Remember, the evil-hearted warden knows every detail of your protocol. So all odds are always against you.
The following is the solution I came up.

Denote the number of prisoners as p. First of all, we want to draft the protocol so that all prisoners know an upper bound of p, denoted as P. Before we say anything about the protocol, let us take a look at the significance of knowing such an upper bound.

If all prisoners know an upper bound P, then they can broadcast messages. To be precise, if one turns in a card of some color he chooses, say c. Everyone else should keep turning in white cards until he receives a black card, and then keep turning in black cards regardless of what cards are received. Then after P days, all prisoners will receive the the cards of color c. (Think about why this is true.) Now everyone knows the color c. Hence they succeeded in broadcasting a single bit. If the protocol says something about coding messages by colors, one can broadcast any message to others. Note that prisoners might not know who has sent the messages.

Though direct message is hard to realize in this situation, broadcasting would be good enough for us to figure out p.

Now, let us see how prisoners cooperatively figure out an upper bound P. We call it the first stage.

In the first stage, all prisoners will be labeled as either visible or hidden. At the beginning, only I am labeled as visible, all the rest are labeled as hidden. We break down the following days into several phases. At the beginning of the kth phase, all prisoners know the upper bound of the current visible prisoners P_k. For instance, P_1=1. Now, all hidden people broadcast the a single bit of message telling the others there are hidden people. The broadcasting is done similarly, i.e., whoever receives the black card once should keep sending black cards. The broadcasting can be done within P_k days because there are at most these many visible prisoners.

There are two possible turnouts. If no visible prisoner receives this message, then all prisoners are visible, and immediately all prisoners know P=P_k. Otherwise, on the next day, all visible prisoners turn in black cards. Whoever receives a black card changes his label to visible if it was hidden. The number of prisoners who change their labels is at most P_k. Thus we can use P_{k+1}=2P_k in the k+1th phase as now there are at most P_k+P_k visible prisoners. Since at least one prisoner changes his label in each phase, eventually, all prisoners will become visible. Hence this process will terminate at a certain phase and provides us an upper bound P.

After the first stage, comes the second stage.

In the second stage, we will partition prisoners by clans and try refining the clans as much as possible.
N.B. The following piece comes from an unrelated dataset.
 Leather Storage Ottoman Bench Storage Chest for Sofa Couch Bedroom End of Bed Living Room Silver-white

During the second stage, each prisoner knows the total number of clans, the names of each clan and which clan he belongs to. At the beginning, I myself alone consists the first clan and the rest of prisoners consist the second clan. This initial set up is written into the protocol, so everyone knows it.

The following is how I refine the clans. I can broadcast a message that asks the members in a certain clans if any one has turned in a black card on a given day. Prisoners in this certain clan will broadcast a message of a single bit to indicate their answer. And then I broadcast a message that asks if any one in this clan has turned in a white card on that day. If both answers are ‘yes’, this means there are two people in this clan turned in different card on that given day. Then I will demand this clan to divide into two smaller clans according to the color of their cards turned in on that given day. I can also do the same thing to the cards they received on that given day as well.
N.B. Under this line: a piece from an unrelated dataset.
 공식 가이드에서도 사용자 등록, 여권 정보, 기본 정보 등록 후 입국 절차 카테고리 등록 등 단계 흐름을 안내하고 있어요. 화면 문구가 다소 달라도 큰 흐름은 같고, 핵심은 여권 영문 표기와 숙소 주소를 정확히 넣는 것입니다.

So in the second phase, I can constantly refine the clans by asking questions clan by clan and day by day. Since the number of clans can not exceed P, this refining process will stop and the number of clans will stabilize. Moreover, once it stabilizes, prisoners in each clan will turn in the same cards and receive the same cards as well. Otherwise, some day I will interrogate the members in this clan and separate them into smaller clans.
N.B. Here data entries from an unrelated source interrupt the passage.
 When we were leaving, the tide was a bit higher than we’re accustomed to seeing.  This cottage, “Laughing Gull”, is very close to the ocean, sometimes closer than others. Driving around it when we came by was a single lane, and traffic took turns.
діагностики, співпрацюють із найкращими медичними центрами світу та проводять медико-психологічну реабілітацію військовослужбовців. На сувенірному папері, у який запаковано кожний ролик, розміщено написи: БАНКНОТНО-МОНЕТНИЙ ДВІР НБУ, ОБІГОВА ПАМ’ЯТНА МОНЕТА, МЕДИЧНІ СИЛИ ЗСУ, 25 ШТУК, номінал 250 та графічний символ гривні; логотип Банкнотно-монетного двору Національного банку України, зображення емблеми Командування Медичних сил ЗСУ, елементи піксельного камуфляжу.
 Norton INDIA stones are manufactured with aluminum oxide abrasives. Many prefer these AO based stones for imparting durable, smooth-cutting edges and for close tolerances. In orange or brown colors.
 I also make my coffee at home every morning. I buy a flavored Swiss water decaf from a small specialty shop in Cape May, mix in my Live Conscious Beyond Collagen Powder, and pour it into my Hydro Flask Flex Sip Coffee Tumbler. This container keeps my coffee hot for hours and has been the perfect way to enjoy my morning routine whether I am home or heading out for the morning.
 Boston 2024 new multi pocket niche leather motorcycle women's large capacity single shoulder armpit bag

Now we can assume the prisoners in each clans always turn in the same cards and receive the same cards. This is amazing!
Suppose c_i is the number of prisoners in the ith clan C_i for i=1,\ldots, n. Assume I am in C_1. Then c_1=1. Initially the values of all other c_is are unknown. Our goal is to find out each c_i, though it is enough to find \sum_{i=1}^nc_i.

Notation. [n] is the set of all naturals from 1 to n. If I\subset [n], c_I := \{c_i: i\in I\} and \mathrm{span}(c_I) be the set of all linear combination of \{c_i: i\in I\}.

For r = 1,\ldots, n-1, we claim that for all r-element subset I\subset [n] and i\in I, c_i can be written as a linear combination of \{c_j: j\in[n]-I\}. In abbreviation we shall write c_i\in \mathrm{span}(c_{[n]-I}). Note when we say ‘some variable can be written as a linear combination of other variables’, we mean all prisoners know this information. In other words, all prisoners keep track of these linear dependencies along the way. We will omit the details of how prisoners would share this information in the following proof and leave them to the readers.

Before we prove the claim, let us take a look at the consequence if what we claimed is true. When r=n-1, it means c_2, \ldots, c_n can be written as a linear combination of c_1=1. Thus we know c_i for all i\in[n]. Hence we know the total number of prisoners.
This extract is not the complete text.